The geographic distribution of cases of relapsing fever in California is much more restricted than for Lyme disease cases, reported most often in the Lake Tahoe and Mammoth Lakes regions of the Sierra Nevada [51]. Cases in California are typically associated with B. hermsii, transmitted by the soft tick Ornithodoros hermsi, which occurs at higher altitudes (450 to 2400 m) and feeds preferentially on squirrels and chipmunks [52]. These ticks can feed multiple times per stage and live more than a decade, ensuring long-term persistence of the pathogen in a site once contaminated [51]. Experimental challenge of a diversity of rodents by tick bite or injection resulted in spirochetemia in pine squirrels (Tamiasciurus hudsonicus), yellow-pine chipmunks, and meadow voles (Microtus pennsylvanicus) and clinical disease in the pine squirrels [53]. Statewide serosurveys have documented exposure in Allen’s chipmunk of 20% to a high of 47% in yellow pine and 57% in long-eared chipmunks in the Sierra Nevada [52], and PCR-based evidence of infection in a study focused near Big Bear Lake, CA was found in unidentified chipmunk species [5]. Although we detected a low prevalence of RF Borrelia in chipmunks, active infection was detected on the coast in redwood chipmunks, in addition to infection in least and lodgepole chipmunks in the Sierra Nevada. More work to differentiate among chipmunk species in their reservoir capacity is needed. This includes additional testing within fine spatial scale enzootic foci, reporting chipmunks to species, and additional experimental trials of multiple species of chipmunks.

We also found considerable evidence for Rickettsia spp. in chipmunks although most reactive chipmunks had antibodies but not DNA, making it impossible to determine which bacterial species they were exposed to. Rickettsiae are poorly sampled using PCR of blood because the target tissue is less accessible than blood, suggesting greater yield could be expected if sampling was done of whole carcasses. There are numerous co-circulating spotted-fever group rickettsial species, including R. rhipicephali, R. montanensis, and R. rickettsii [54–57]. Rodents can develop clinical disease with R. rhipicephali [58]. Chipmunks are reportedly susceptible to infection with R. rickettsii and an isolate was acquired from a yellow-pine chipmunk in Montana, although infection was not prolonged beyond a week [7, 59]. In theory, the low virulence rickettsiae could “immunize” small mammals against pathogenic R. rickettsii [60], while presence of one Rickettsia spp. in a tick can inhibit transovarial transmission of a second species [61].

Chipmunks are also known hosts of plague in California.
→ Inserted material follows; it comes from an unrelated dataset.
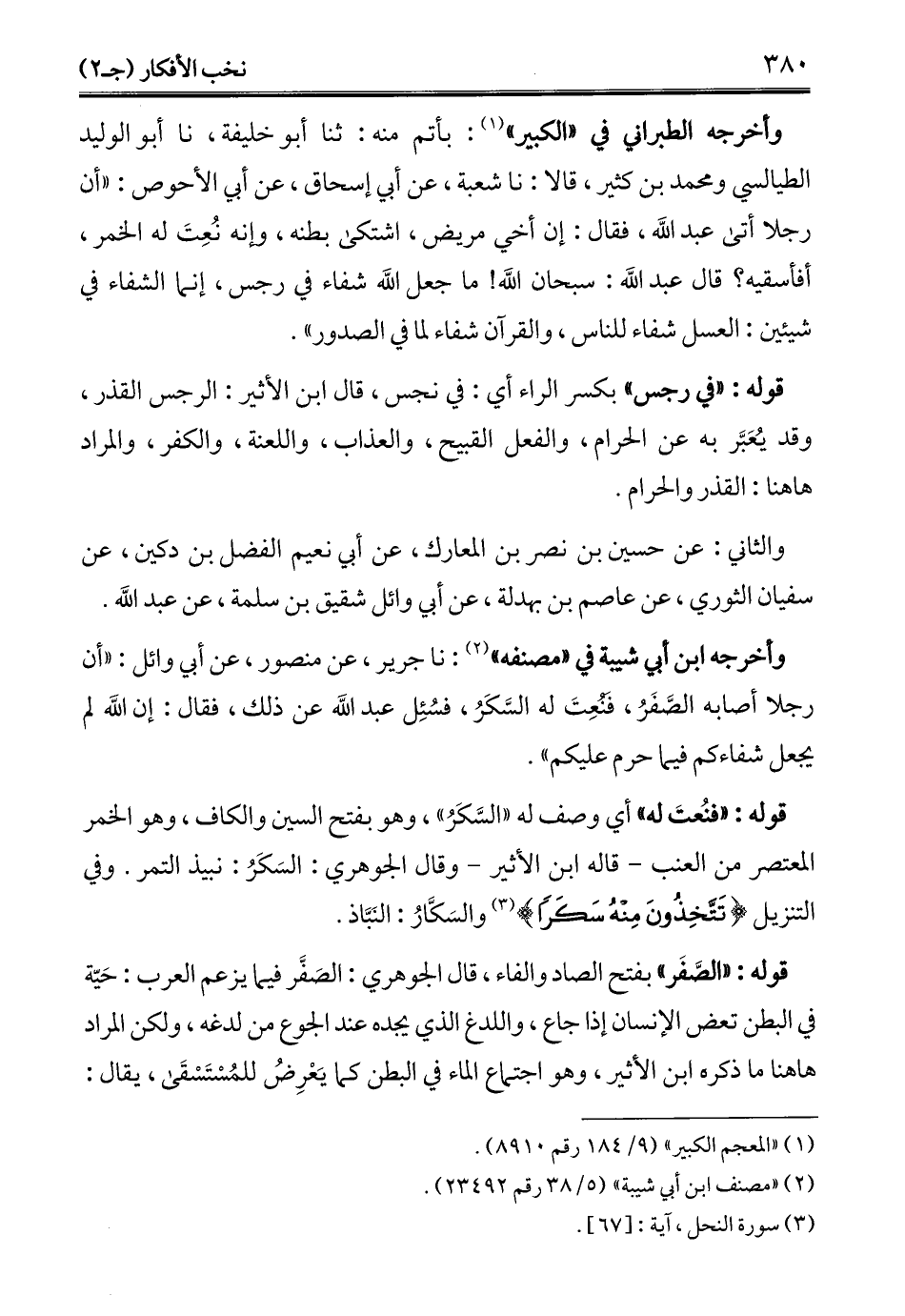 وأخرجه الطبراني في "الكبير" (¬1): بأتم منه: ثنا أبو خليفة، نا أبو الوليد الطيالسي ومحمد بن كثير، قالا: نا شعبة، عن أبي إسحاق، عن أبي الأحوص: "أن رجلا أتى عبد الله، فقال: إن أخي مريض، اشتكى بطنه، وإنه نُعِتَ له الخمر، أفأسقيه؟ قال عبد الله: سبحان الله! ما جعل الله شفاء في رجس، إنما الشفاء في شيئين: العسل شفاء للناس، والقرآن شفاء لما في الصدور".
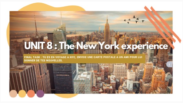 1- Write down three sentences about your plans in NYC using Be Going To. 2- Ask your partner questions to guess their plans. 3- Share what you discovered with the class.

Ground squirrels function as highly susceptible “amplifying hosts” and are responsible for most observed outbreaks, while voles (M. californicus), deer mice (P. maniculatus), and chipmunks experience less lethal disease but not prolonged infection and thus do not represent classical “reservoirs” [62]. Although the true mechanism by which plague persists in California is poorly understood, surveillance reveals natural hotspots in parts of the state including the Sierra Nevada where there is evidence of exposure in both rodents and carnivores in the Lake Tahoe area [28, 63–65]. An epizootic in chipmunks occurred shortly prior to a reported human pneumonic case contracted from a domestic cat [66]. Zielinski [65] also found that plague-positive pine martens (Martes americana) fed primarily on chipmunks, golden-mantled ground squirrels (Callospermophilus lateralis), and California ground squirrels. As we did not have access to antigen for serological surveillance, the very low PCR-prevalence is not unexpected given the limited duration of infection and relatively high rates of fatality in chipmunks. This suggests that seroprevalence would be low as well [62].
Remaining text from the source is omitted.